[Stored items from a collection]
=====

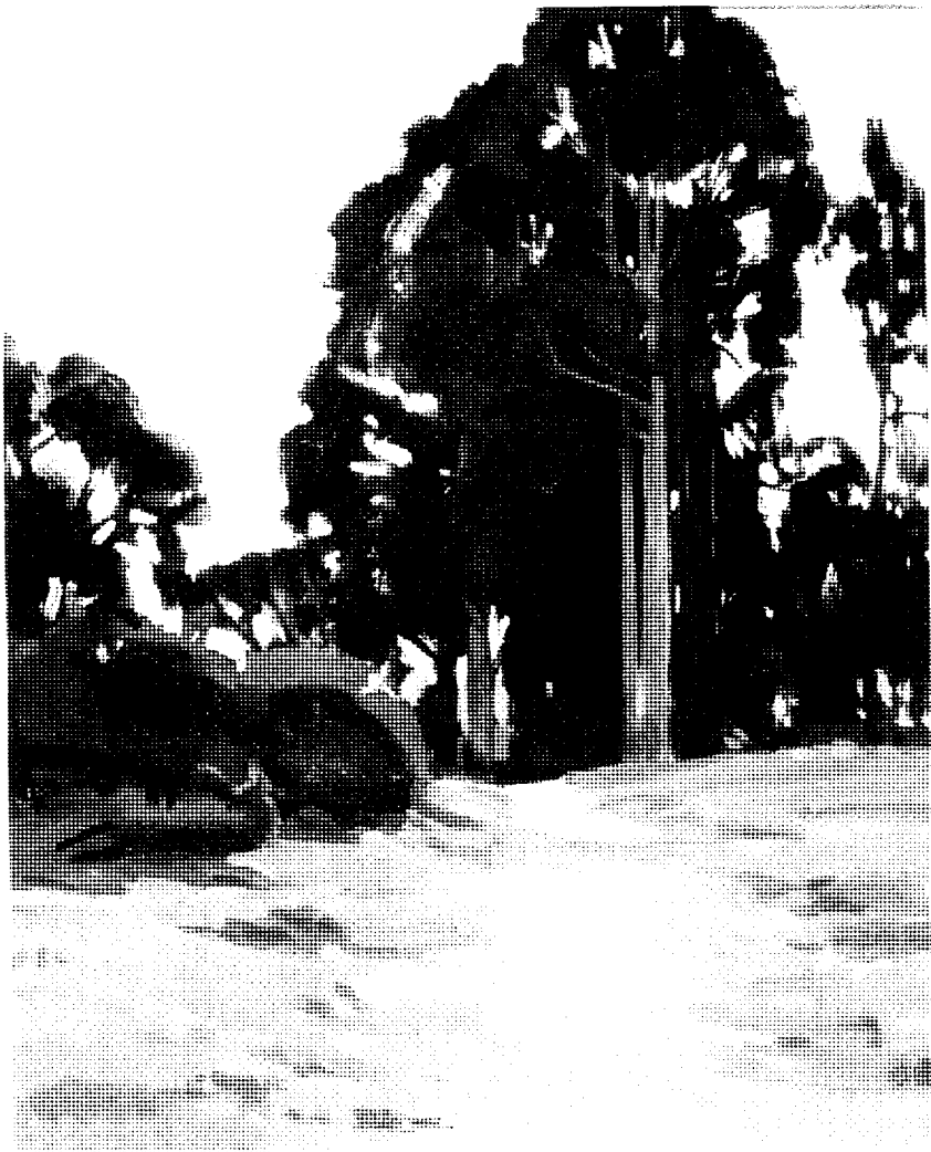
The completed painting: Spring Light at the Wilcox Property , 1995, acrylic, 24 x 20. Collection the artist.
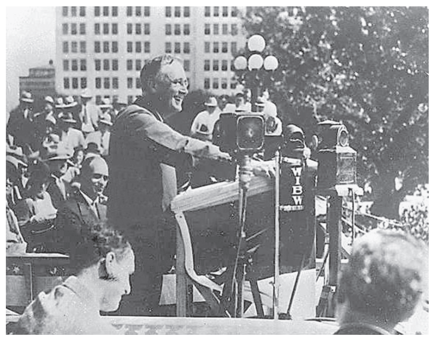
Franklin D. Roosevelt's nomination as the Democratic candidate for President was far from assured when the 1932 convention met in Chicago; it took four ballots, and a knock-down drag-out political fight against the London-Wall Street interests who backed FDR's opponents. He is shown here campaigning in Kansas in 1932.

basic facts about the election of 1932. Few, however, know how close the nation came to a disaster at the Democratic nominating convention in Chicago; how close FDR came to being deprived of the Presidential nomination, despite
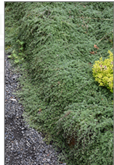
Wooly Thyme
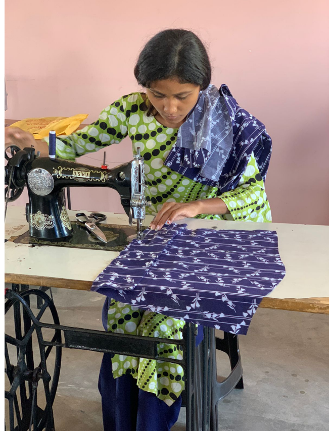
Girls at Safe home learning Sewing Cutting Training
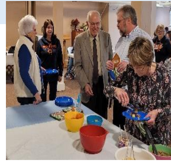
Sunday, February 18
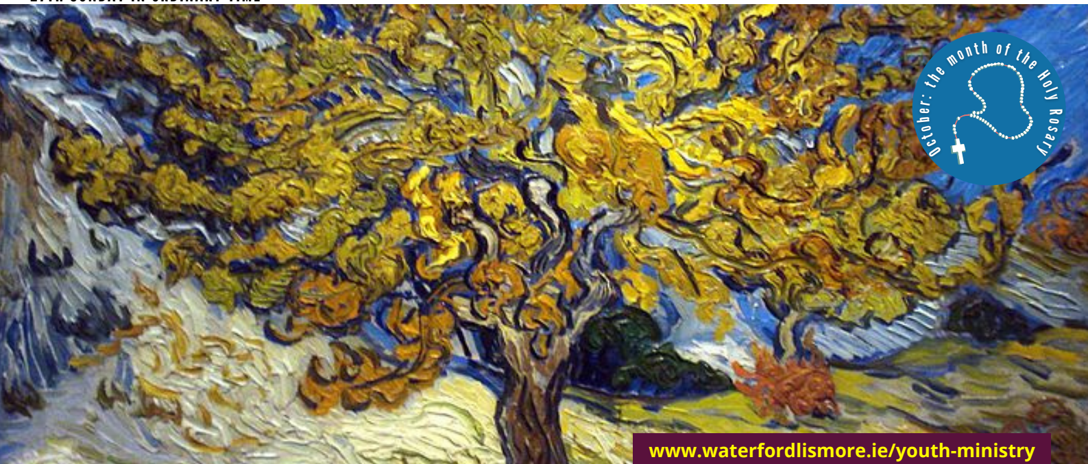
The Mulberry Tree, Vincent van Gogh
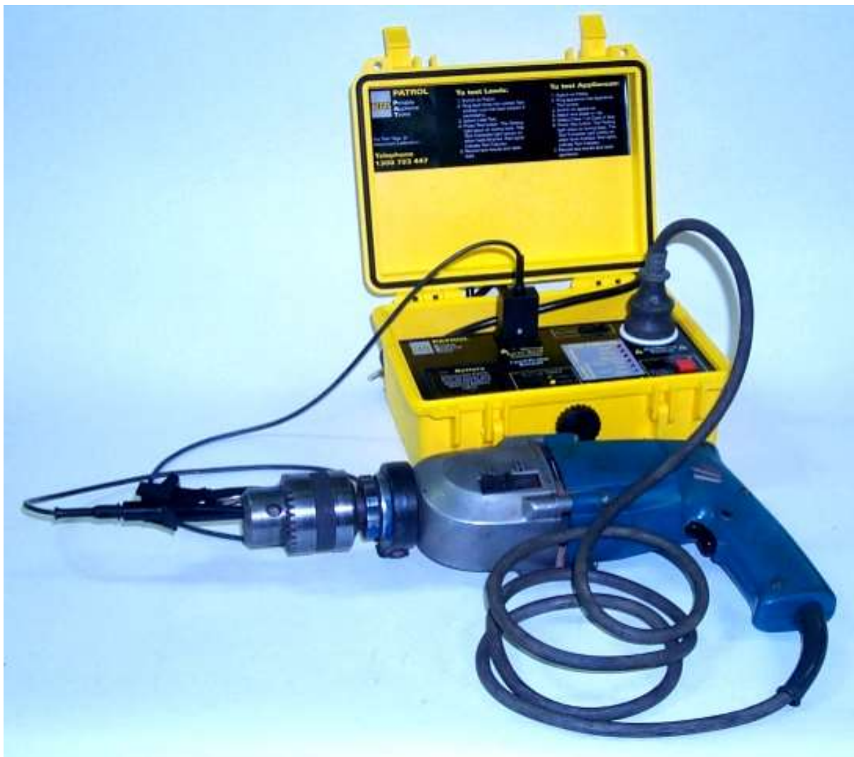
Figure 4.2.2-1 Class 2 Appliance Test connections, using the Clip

=====

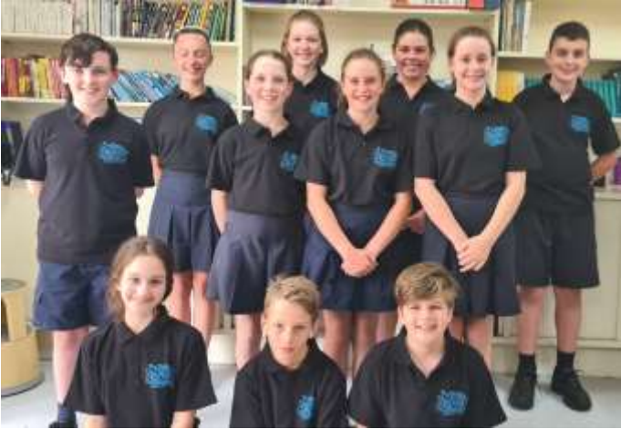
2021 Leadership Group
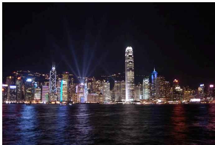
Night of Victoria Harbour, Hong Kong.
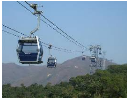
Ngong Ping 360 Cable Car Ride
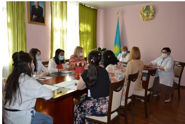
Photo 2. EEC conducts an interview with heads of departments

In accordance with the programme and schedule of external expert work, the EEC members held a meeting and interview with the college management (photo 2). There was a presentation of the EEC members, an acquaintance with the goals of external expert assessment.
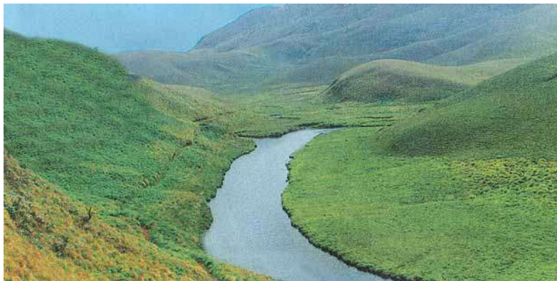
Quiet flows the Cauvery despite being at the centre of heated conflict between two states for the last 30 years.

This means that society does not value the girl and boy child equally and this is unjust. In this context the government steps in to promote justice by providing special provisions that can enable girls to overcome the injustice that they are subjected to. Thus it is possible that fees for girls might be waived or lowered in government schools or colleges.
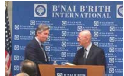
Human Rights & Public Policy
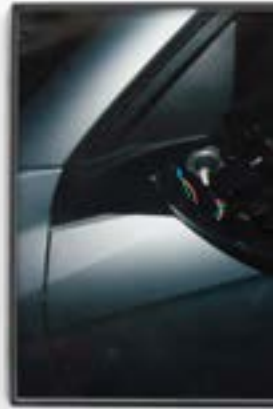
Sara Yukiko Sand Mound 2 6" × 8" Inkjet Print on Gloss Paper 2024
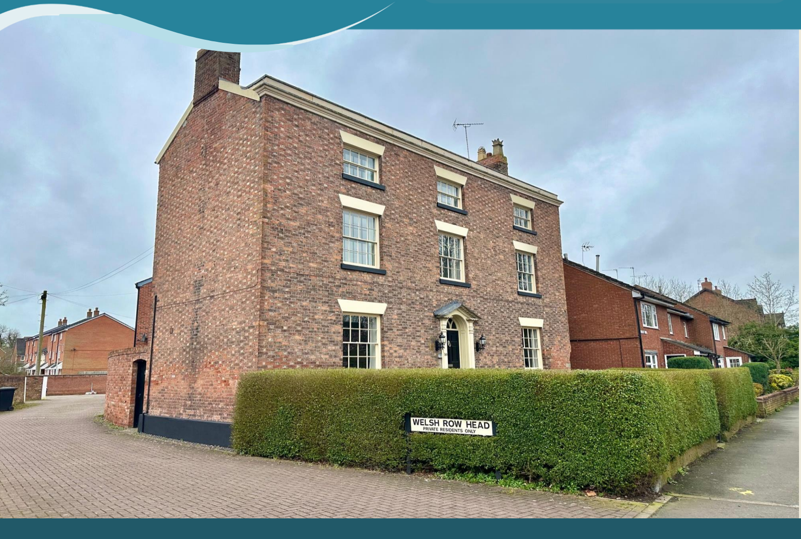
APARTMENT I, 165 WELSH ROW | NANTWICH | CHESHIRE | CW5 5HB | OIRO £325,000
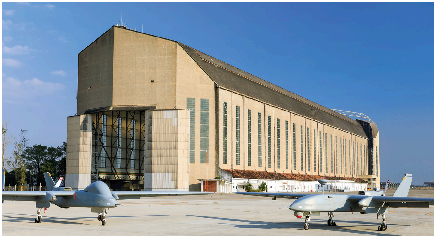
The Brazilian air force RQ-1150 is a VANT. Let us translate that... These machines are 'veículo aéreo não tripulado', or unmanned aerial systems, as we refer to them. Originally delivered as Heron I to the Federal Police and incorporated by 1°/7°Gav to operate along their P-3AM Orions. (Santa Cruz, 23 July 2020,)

=====

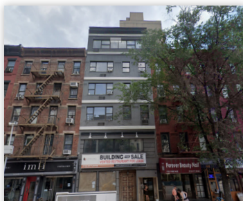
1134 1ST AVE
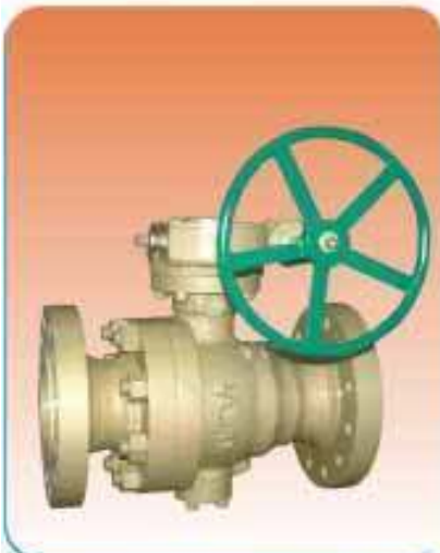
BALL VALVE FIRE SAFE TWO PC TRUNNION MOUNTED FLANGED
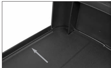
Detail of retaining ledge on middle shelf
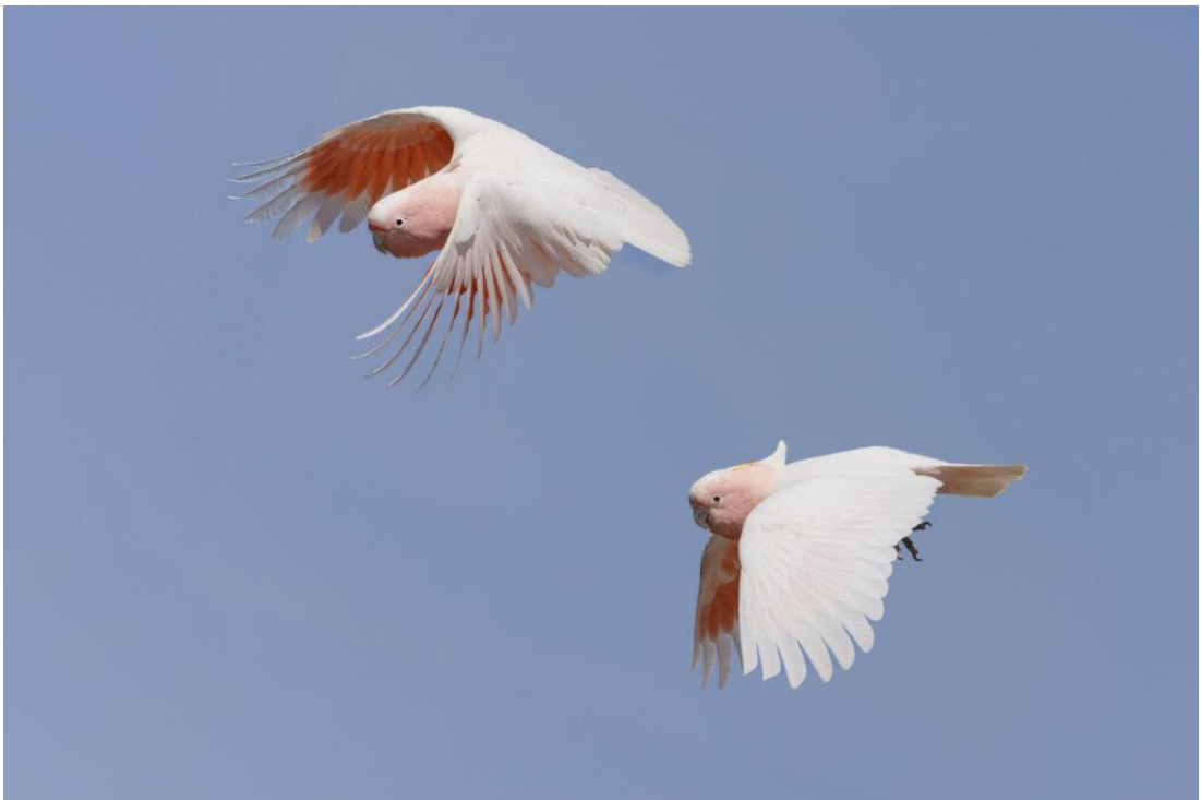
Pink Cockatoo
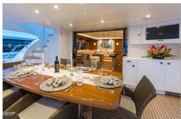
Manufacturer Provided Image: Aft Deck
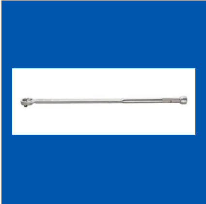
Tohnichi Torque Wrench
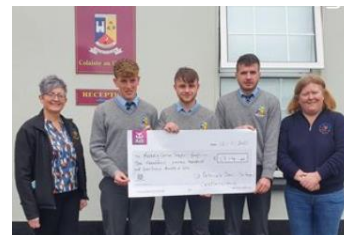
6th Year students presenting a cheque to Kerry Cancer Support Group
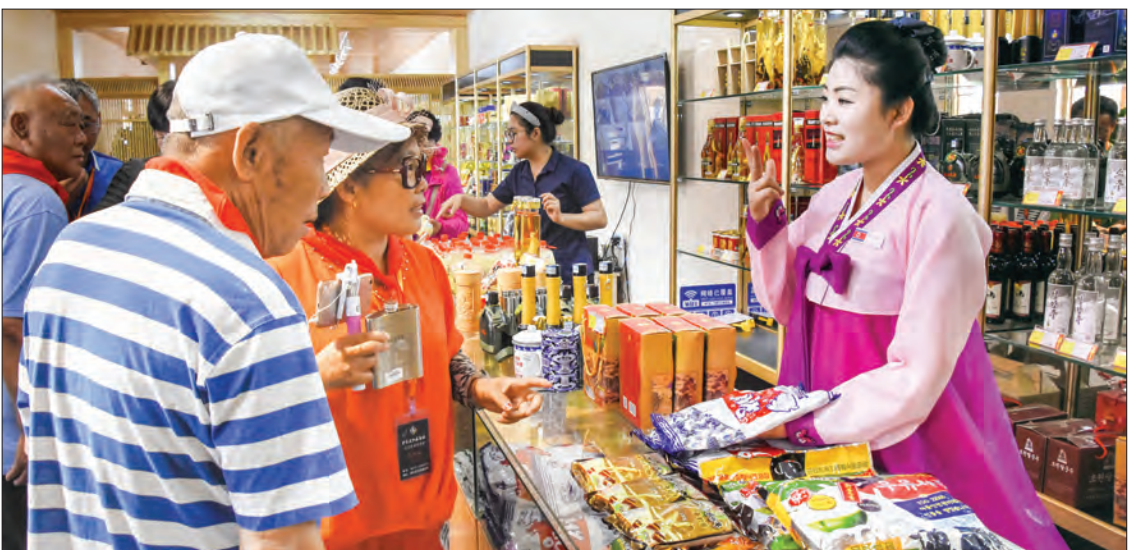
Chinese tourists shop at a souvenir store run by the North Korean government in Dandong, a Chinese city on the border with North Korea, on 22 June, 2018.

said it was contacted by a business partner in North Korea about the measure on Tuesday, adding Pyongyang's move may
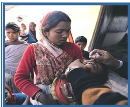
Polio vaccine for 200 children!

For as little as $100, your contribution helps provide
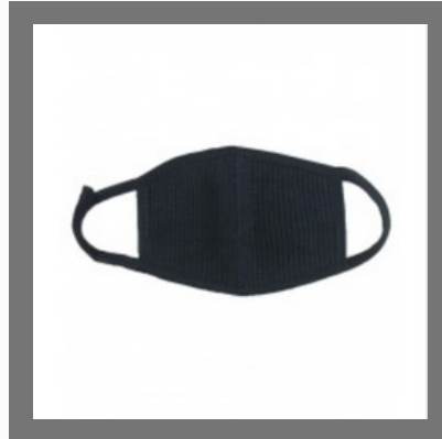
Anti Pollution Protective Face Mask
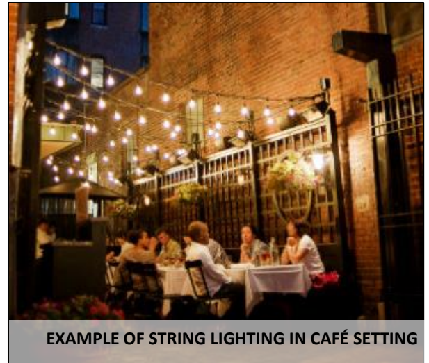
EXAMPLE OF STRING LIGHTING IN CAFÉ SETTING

=====

- [What to do] Above, find the line with "The completed painting: Spring"; copy it and every line down to the line with "Figure 4.2.2-1 Class", exactly and both included, but no pictures.

- [Solution to this problem]
The completed painting: Spring Light at the Wilcox Property , 1995, acrylic, 24 x 20. Collection the artist.
Franklin D. Roosevelt's nomination as the Democratic candidate for President was far from assured when the 1932 convention met in Chicago; it took four ballots, and a knock-down drag-out political fight against the London-Wall Street interests who backed FDR's opponents. He is shown here campaigning in Kansas in 1932.

basic facts about the election of 1932. Few, however, know how close the nation came to a disaster at the Democratic nominating convention in Chicago; how close FDR came to being deprived of the Presidential nomination, despite
Wooly Thyme
Girls at Safe home learning Sewing Cutting Training
Sunday, February 18
The Mulberry Tree, Vincent van Gogh
Figure 4.2.2-1 Class 2 Appliance Test connections, using the Clip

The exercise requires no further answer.